• _PROBLEM_: Print exactly what appears from the line containing "アー・ヴェ・ヴェ (正規ライセンス商品) |" through the final line of the data below, pictures excluded.

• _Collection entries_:
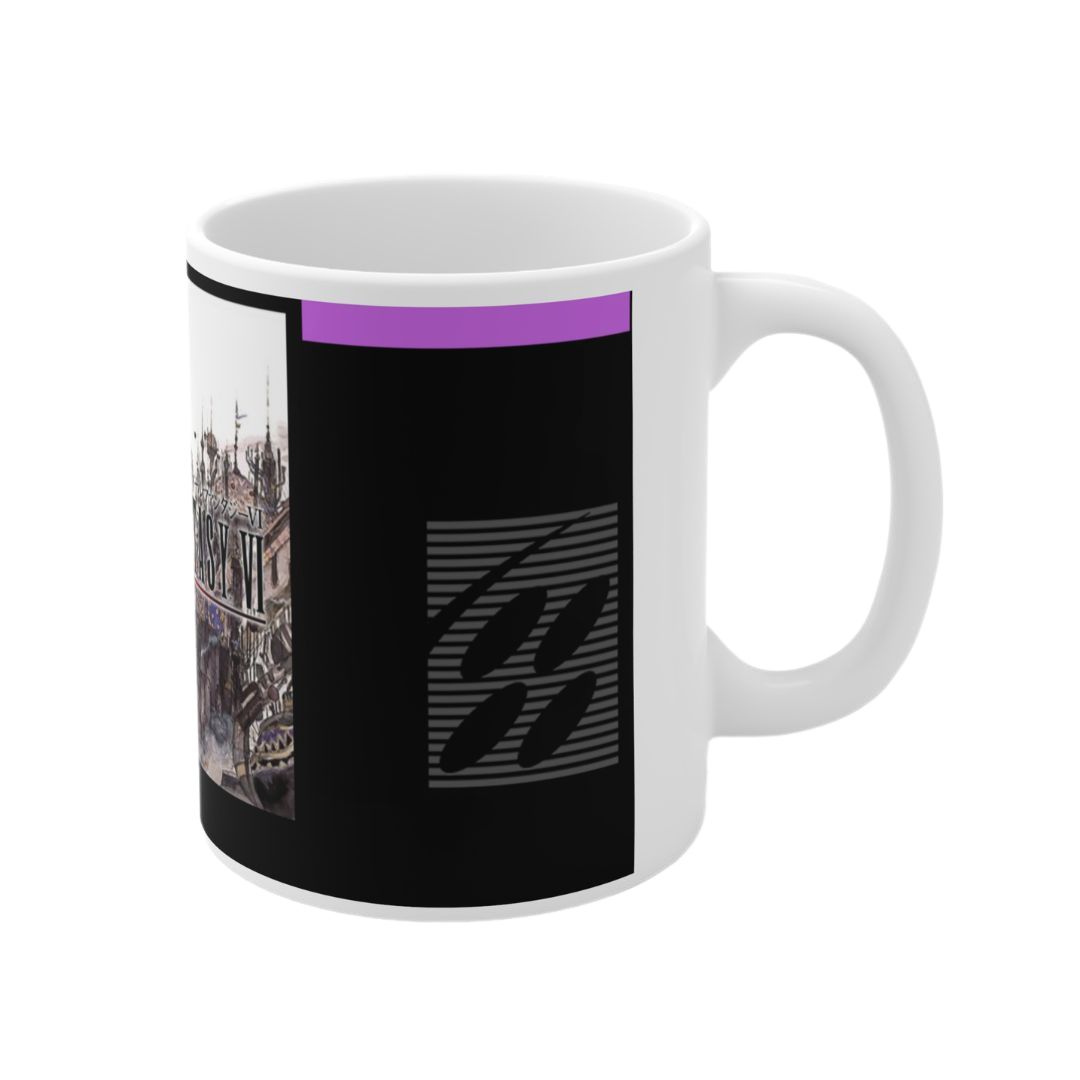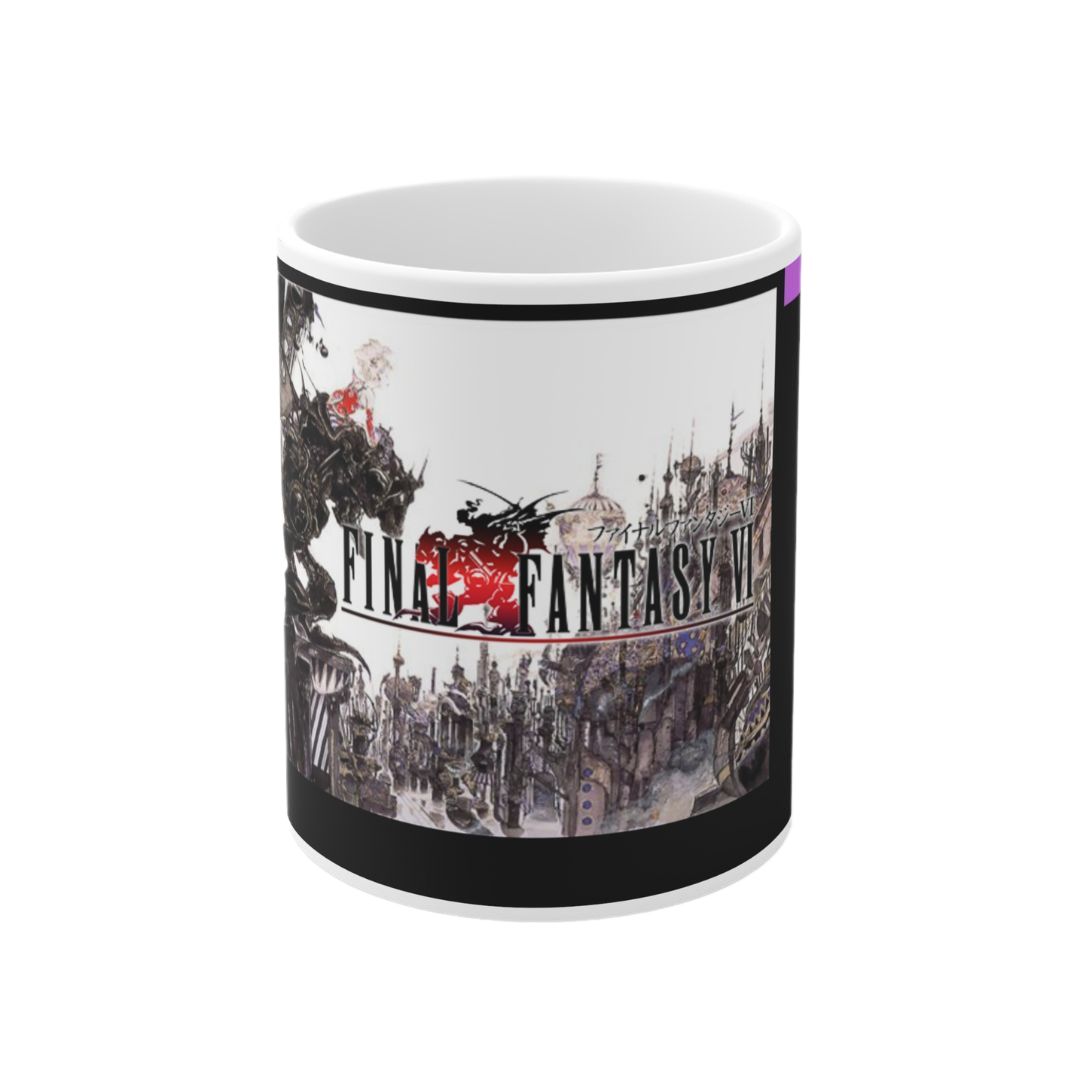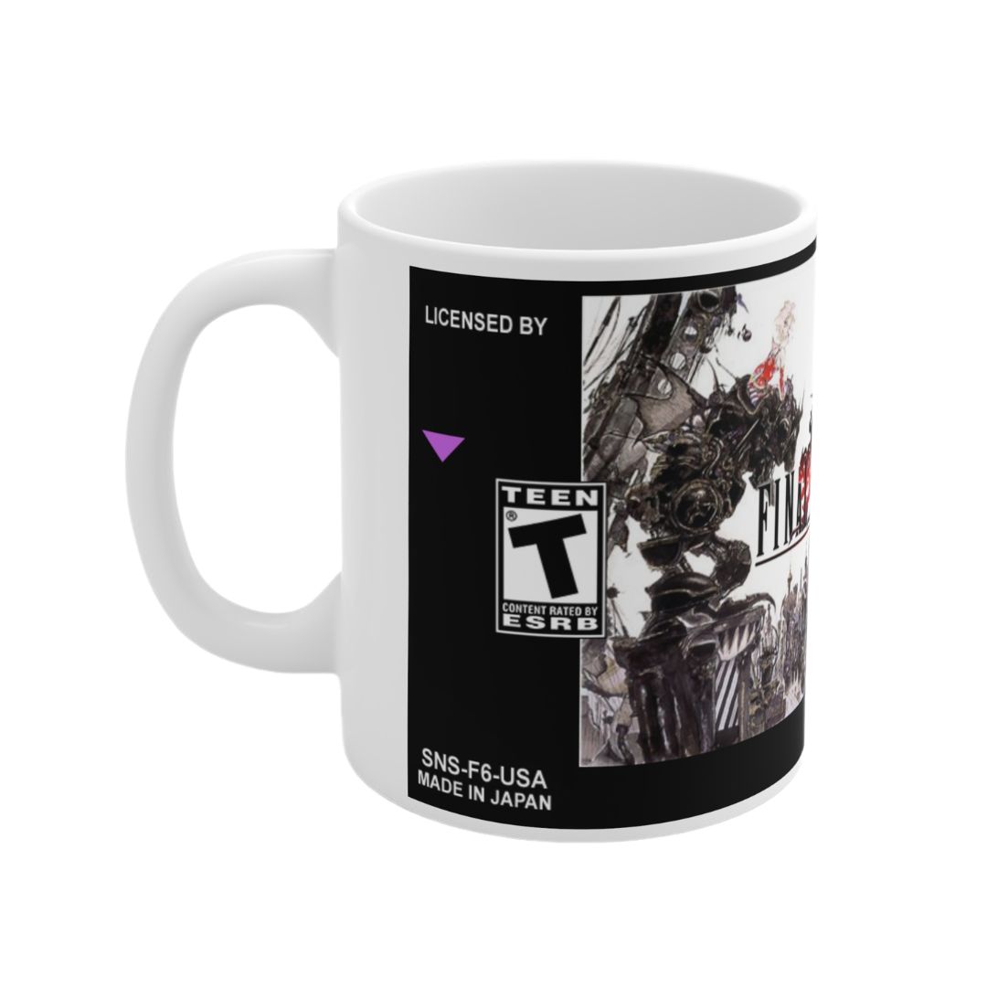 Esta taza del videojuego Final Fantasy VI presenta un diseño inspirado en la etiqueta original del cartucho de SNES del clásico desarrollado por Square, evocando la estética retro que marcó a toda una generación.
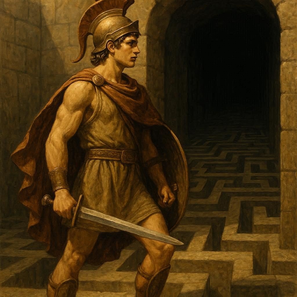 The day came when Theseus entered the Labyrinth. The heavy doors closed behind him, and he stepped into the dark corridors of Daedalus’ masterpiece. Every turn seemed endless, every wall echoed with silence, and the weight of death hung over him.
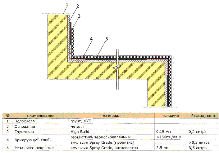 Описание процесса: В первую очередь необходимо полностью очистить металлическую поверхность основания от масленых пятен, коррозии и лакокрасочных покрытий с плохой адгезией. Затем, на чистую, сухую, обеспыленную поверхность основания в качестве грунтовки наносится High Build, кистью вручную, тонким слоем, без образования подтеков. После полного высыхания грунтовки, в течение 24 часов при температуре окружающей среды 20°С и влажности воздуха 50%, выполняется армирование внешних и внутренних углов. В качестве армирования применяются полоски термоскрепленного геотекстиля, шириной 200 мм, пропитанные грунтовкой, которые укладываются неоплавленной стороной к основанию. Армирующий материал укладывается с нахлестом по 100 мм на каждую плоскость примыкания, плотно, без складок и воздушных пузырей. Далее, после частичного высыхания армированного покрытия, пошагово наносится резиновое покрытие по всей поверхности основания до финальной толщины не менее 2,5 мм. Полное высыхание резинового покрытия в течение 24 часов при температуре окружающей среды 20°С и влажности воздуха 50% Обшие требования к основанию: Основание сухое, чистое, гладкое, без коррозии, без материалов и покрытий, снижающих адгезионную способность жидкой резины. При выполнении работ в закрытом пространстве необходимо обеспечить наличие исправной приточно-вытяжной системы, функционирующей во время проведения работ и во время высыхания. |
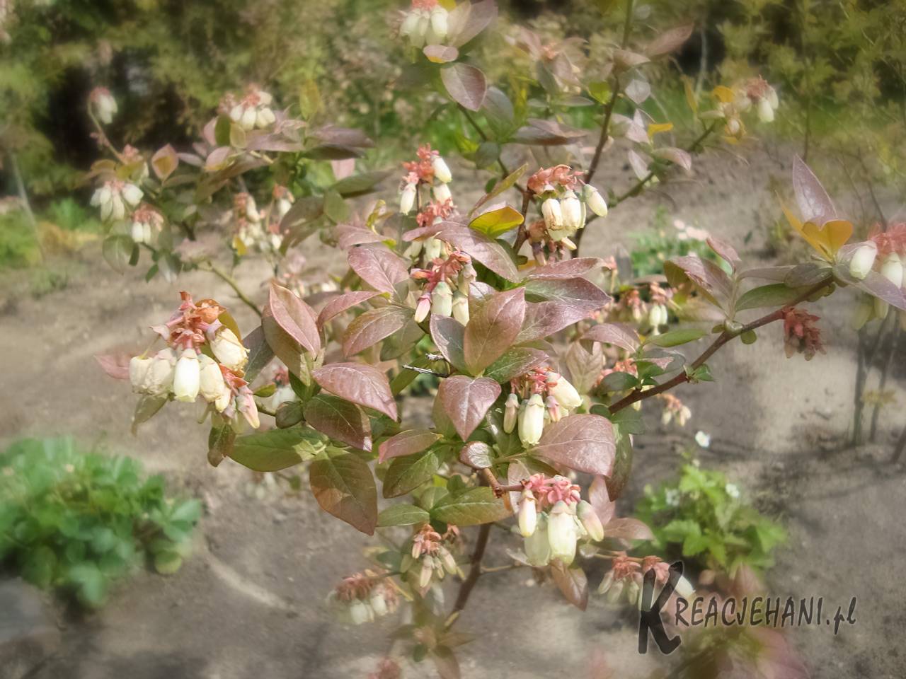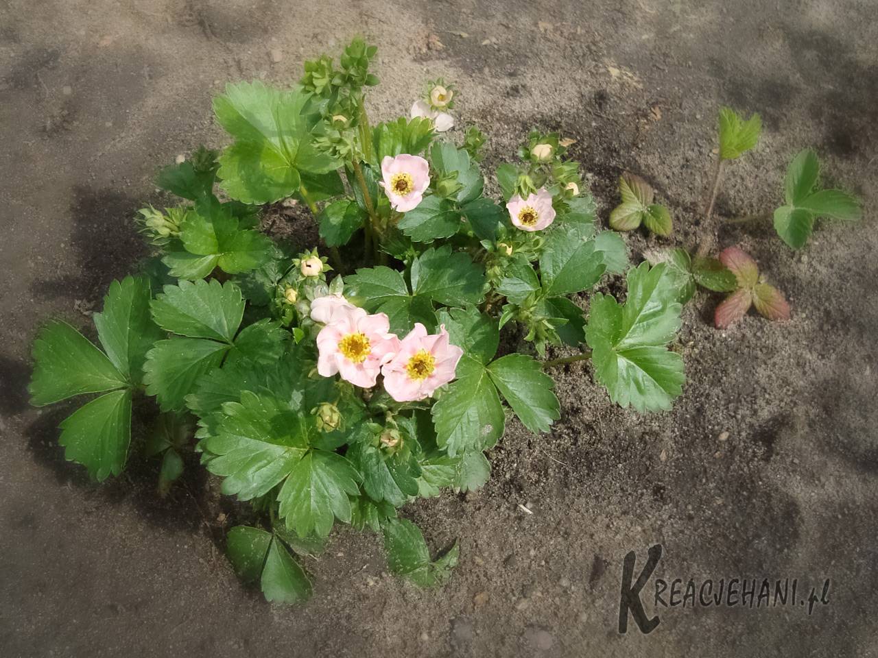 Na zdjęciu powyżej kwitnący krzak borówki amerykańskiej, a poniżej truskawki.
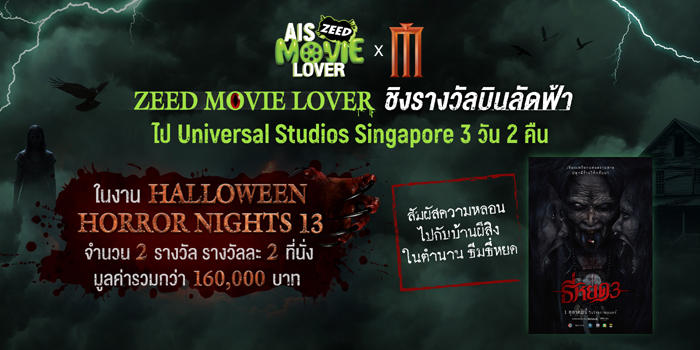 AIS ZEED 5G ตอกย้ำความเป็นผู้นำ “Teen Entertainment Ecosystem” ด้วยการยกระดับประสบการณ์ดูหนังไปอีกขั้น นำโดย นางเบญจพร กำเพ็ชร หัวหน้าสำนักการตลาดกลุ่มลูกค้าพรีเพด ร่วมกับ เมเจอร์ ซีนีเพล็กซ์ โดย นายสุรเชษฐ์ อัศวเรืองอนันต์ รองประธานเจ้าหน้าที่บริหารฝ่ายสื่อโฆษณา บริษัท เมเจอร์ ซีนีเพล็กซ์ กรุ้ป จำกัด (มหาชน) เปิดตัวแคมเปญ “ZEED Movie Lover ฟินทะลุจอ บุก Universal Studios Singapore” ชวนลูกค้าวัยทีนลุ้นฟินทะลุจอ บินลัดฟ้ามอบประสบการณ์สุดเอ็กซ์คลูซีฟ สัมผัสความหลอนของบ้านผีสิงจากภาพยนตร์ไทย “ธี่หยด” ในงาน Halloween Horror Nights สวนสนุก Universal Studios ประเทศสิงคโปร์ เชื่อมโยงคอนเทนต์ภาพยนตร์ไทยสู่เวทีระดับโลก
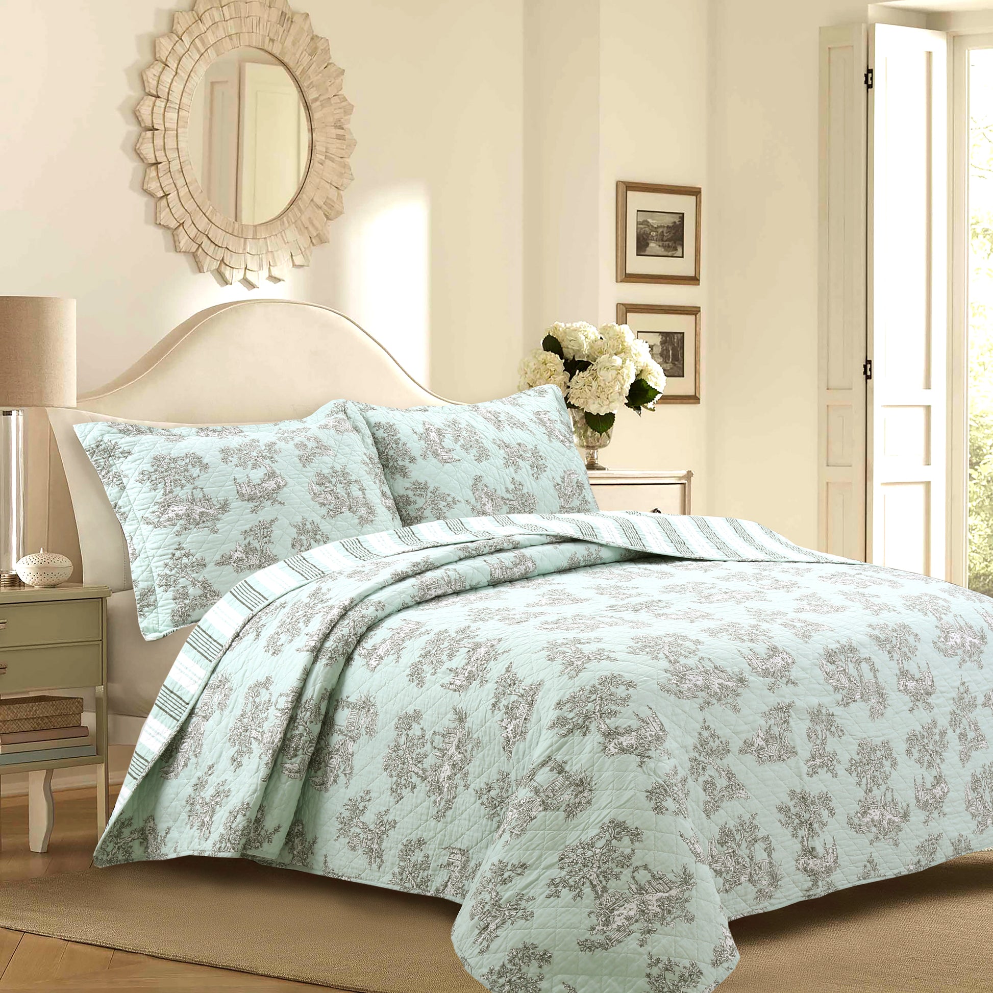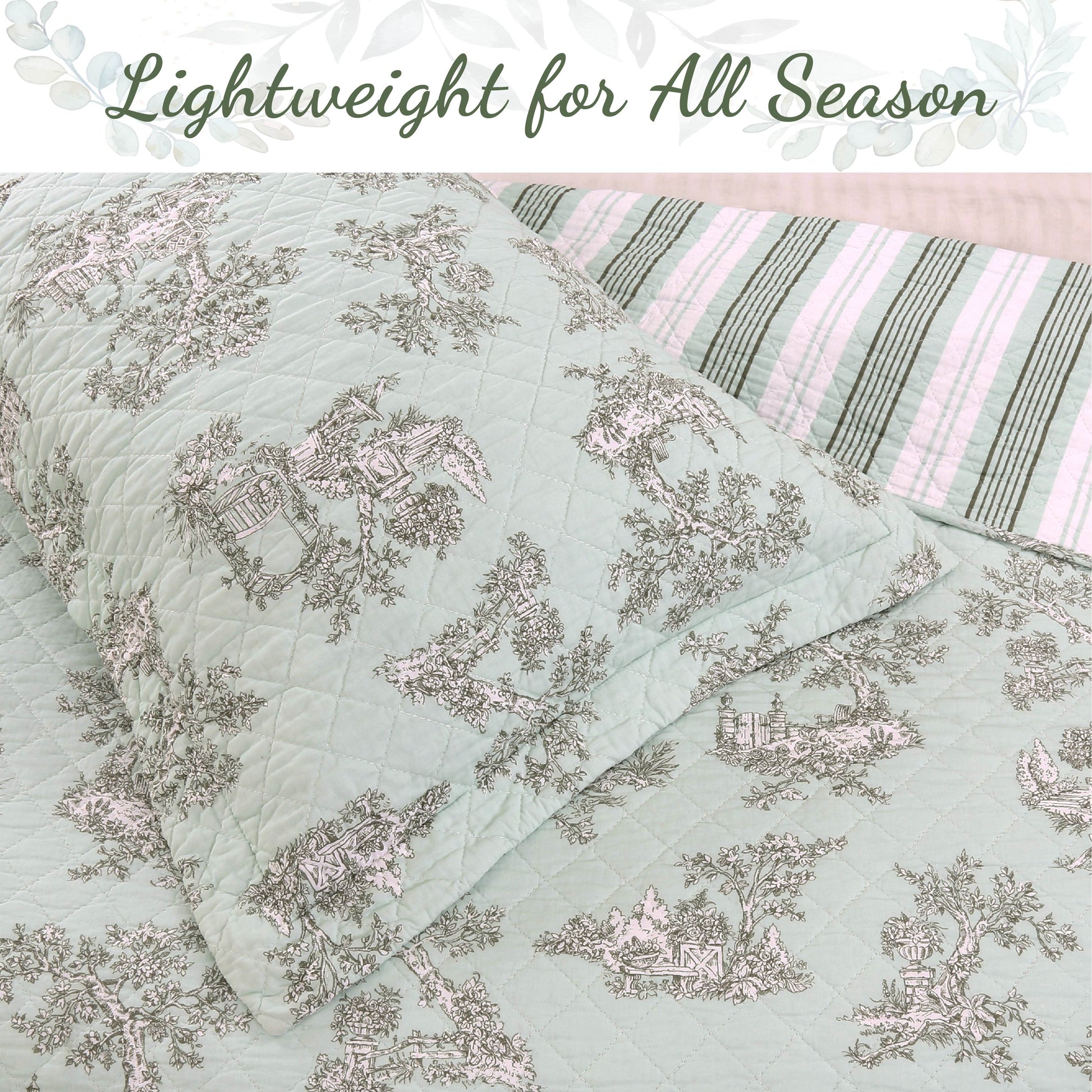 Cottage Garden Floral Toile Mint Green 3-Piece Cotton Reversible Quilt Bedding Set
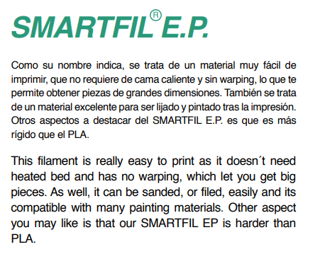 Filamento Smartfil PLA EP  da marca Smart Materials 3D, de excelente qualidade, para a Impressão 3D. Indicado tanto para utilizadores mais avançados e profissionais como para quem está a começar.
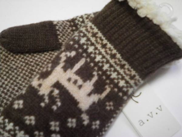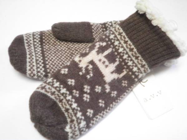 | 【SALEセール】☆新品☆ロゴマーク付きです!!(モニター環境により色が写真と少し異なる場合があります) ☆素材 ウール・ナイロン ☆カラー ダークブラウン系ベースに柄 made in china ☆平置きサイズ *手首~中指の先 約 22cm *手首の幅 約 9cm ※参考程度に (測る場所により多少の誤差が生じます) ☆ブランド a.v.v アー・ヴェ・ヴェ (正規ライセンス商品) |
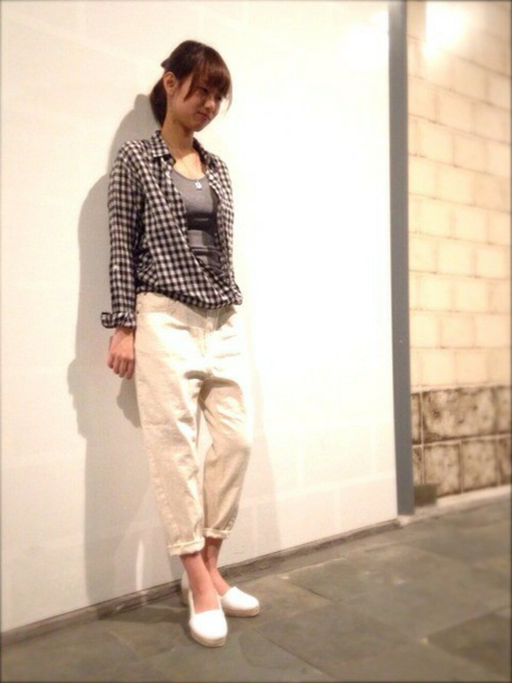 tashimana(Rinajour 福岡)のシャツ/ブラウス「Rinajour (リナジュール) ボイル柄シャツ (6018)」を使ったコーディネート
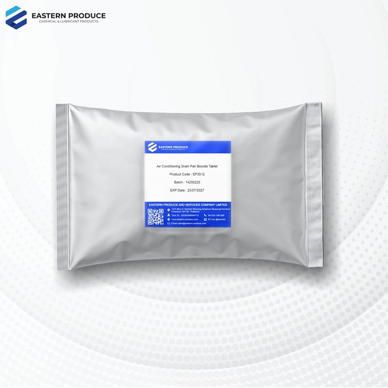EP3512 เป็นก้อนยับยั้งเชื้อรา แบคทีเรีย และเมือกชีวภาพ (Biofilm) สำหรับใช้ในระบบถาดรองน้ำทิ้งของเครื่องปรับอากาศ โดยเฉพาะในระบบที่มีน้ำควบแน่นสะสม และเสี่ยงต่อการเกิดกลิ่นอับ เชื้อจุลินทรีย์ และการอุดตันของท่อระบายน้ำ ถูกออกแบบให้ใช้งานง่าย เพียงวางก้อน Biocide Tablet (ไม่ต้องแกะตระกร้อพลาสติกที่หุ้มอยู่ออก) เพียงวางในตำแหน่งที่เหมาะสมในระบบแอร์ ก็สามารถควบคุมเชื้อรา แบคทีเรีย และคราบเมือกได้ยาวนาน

• _ANSWER TO THE PROBLEM_:
 | 【SALEセール】☆新品☆ロゴマーク付きです!!(モニター環境により色が写真と少し異なる場合があります) ☆素材 ウール・ナイロン ☆カラー ダークブラウン系ベースに柄 made in china ☆平置きサイズ *手首~中指の先 約 22cm *手首の幅 約 9cm ※参考程度に (測る場所により多少の誤差が生じます) ☆ブランド a.v.v アー・ヴェ・ヴェ (正規ライセンス商品) |
 tashimana(Rinajour 福岡)のシャツ/ブラウス「Rinajour (リナジュール) ボイル柄シャツ (6018)」を使ったコーディネート
EP3512 เป็นก้อนยับยั้งเชื้อรา แบคทีเรีย และเมือกชีวภาพ (Biofilm) สำหรับใช้ในระบบถาดรองน้ำทิ้งของเครื่องปรับอากาศ โดยเฉพาะในระบบที่มีน้ำควบแน่นสะสม และเสี่ยงต่อการเกิดกลิ่นอับ เชื้อจุลินทรีย์ และการอุดตันของท่อระบายน้ำ ถูกออกแบบให้ใช้งานง่าย เพียงวางก้อน Biocide Tablet (ไม่ต้องแกะตระกร้อพลาสติกที่หุ้มอยู่ออก) เพียงวางในตำแหน่งที่เหมาะสมในระบบแอร์ ก็สามารถควบคุมเชื้อรา แบคทีเรีย และคราบเมือกได้ยาวนาน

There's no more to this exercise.